Abstract — The use of integrated intelligent or cognitive 
tutoring systems that support the learning process of our students 
requires tools that allow these tutors to make decisions based on 
the students’ state of knowledge. Therefore it is very important to 
have tools to model the students’ learning process as student 
modeling is one of the key factors that affect automated tutoring 
systems in making instructional decisions. This communication is 
an introduction to the techniques and methods for student 
modeling, being Bayesian Knowledge Tracing (BKT) the most 
well-known among them. 
Keywords — student modeling, BKT, tutors, knowledge 
component 
I. STUDENT MODELING 
In the last years, adaptive educational software has been 
entering into classical learning environments, especially in the 
United States [1]. This software is intended to detect and fit to 
individual differences in student knowledge, engagement, and 
motivation, in order to choose the curricular materials and 
methods of presentation best suited for each student.
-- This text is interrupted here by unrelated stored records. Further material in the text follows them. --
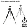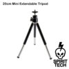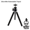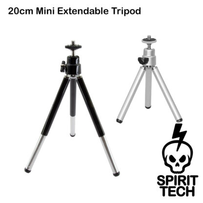 The tripod can be easily adjusted to any height from 12cm to 20cm by sliding the leg segments out or in.
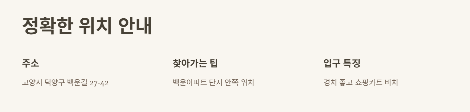 북한산 군마트는 고양시 덕양구 백운길 27-42에 있어. 사실 처음 가봤을 때는 위치 찾느라 좀 헤맸는데, 백운아파트 단지 안쪽이라 찾아가면 입구에서 경치도 멋지고 쇼핑카트까지 비치돼 있더라고.
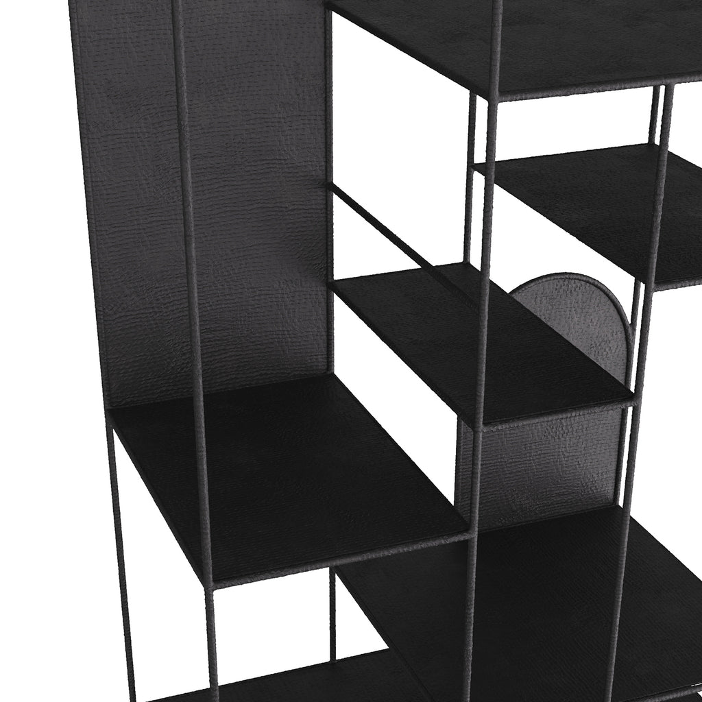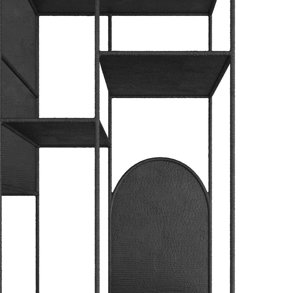 The Arteriors Mesón etagere is configured asymmetrically and rendered in natural hammered iron with ink-stained shelves. This etagere has dark back panels which beautifully frame any object and when used in pairs, is the perfect combination of elements to create architecture in a space where there is none.

This 
adaptation needs in turn an accurate assessment of, at least, the 
student’s knowledge. The area of study covering the set of tools 
and techniques to achieve this assessment is known as student 
modeling [2]. 
 
A student model is the base for personalization in computer 
based educational applications. Self [3] pointed out that student 
modeling is a process devoted to represent several cognitive 
issues such as analyzing the student’s performance, isolating 
the underlying misconceptions, representing students’ goals 
and plans, identifying prior and acquired knowledge, 
maintaining an episodic memory, and describing personality 
characteristics. 
 
From all different aspects a student model can focus on, 
knowledge is the most intriguing construct. A variety of 
mechanisms were invented for the purpose of estimating 
student knowledge, such as tests, quizzes and exams among all 
others. The underlying idea is that the best estimation of student 
knowledge is obtainable by observing student performance [4], 
but while student performance is observable, student 
knowledge remains latent. Bayesian Networks are a common 
tool to address this latency and Bayesian Knowledge Tracing 
(BKT) is the most important application of them so far. 
 
II. BAYESIAN KNOWLEDGE TRACING 
BKT [5] is a student model used to infer a student’s knowledge 
given their history of responses to problems, which it can use to 
predict future performance. Using students’ responses to 
questions, which are tagged with the skills that the instructor 
wants the students to learn, the model tells the probability a 
student has mastered a skill.  
 
A skill or knowledge component is a description of a mental 
structure or process that a learner uses, alone or in combination 
with other knowledge components, to accomplish steps in a task 
or a problem. A full description and taxonomy of knowledge 
components can be found in [6]. 
 
BKT is a two state Hidden Markov Model, these states being 
the one in which the student knows a given skill, and the one 
where the student does not. The “knowledge” state is absorbent, 
implying that the student will not forget the skill once it is 
learned. To calculate the probability that a student knows the 
skill given their performance history, BKT uses four 
probabilities:  
L0, the probability a student knows the skill before 
attempting the first problem,  
T, the probability a student, who does not currently know 
the skill, will know it after the next practice opportunity, 
that is the transition probability at each practice 
opportunity,  
G, the probability a student will answer a question correctly 
despite not knowing the skill,  
S, the probability a student will answer a question 
incorrectly despite knowing the skill.  
According to this model, knowledge affects performance 
(mediated by the guess and slip rates), and knowledge at one 
time step affects knowledge at the next time step, but no further. 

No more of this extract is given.